Great blog and lovely pictures! To add to your litany of derogatory comments about 'promiscuous ' women, Cyprian, bit of muslin, Paphian, Impure.. But as for men - skirt-chaser? Male nymphomaniac. H'mm. Clearly it is about men's insecurities about their children being (or not being) their own. If property was passed down matrilineally, as happens in some cultures, I wonder if there is more importance given to female monogamy then? Not very good English. sorry!

Nick Green said...

I've noticed a similar thing with swear words. What's generally regarded as the worst word to say / call someone? Yes, that's the one. But the masculine equivalent is 'a dick' which just means, 'a bit of an idiot'. See the difference in force. Contempt for the female is absolutely ingrained in the language.
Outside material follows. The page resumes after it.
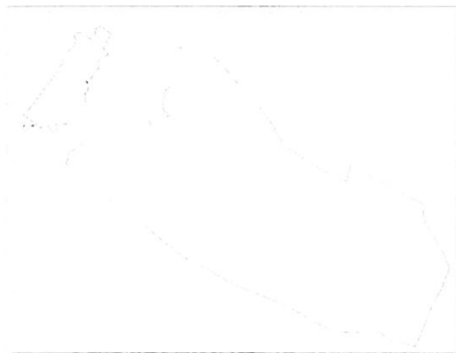
ökológiai hálózat területe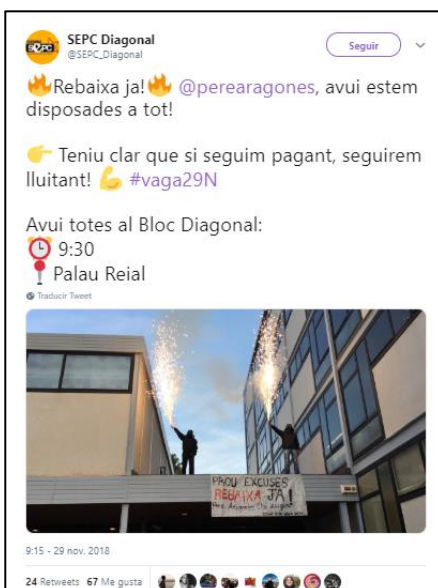
Il·lustració V. https://twitter.com/SEPC_Diagonal/status/1068040658269728770

True story: My six year old asked me why Santa says bad words. What bad words, I asked. He replied, 'Ho, Ho, Ho.'
I wish I was making that up, but I'm not.

Lydia Syson said...

Ha, ha, ha!

No hands going up here, but is there anyone in particular at the Borough of Southwark to whom we could write to request their definition of 'forthwith'? Case number?

michelle lovric said...

Bless you, Lydia, but I am afraid writing to Southwark does not appear to yield any results, judging by the number of emails and letters that have gone under the bridge. I appreciate it that you are prepared to do it, though! I know you are serious.

michelle lovric said...

Nick, that is the best Christmas joke ever, unfortunately.

Admin said...

Humph. Are you taking my name in vain?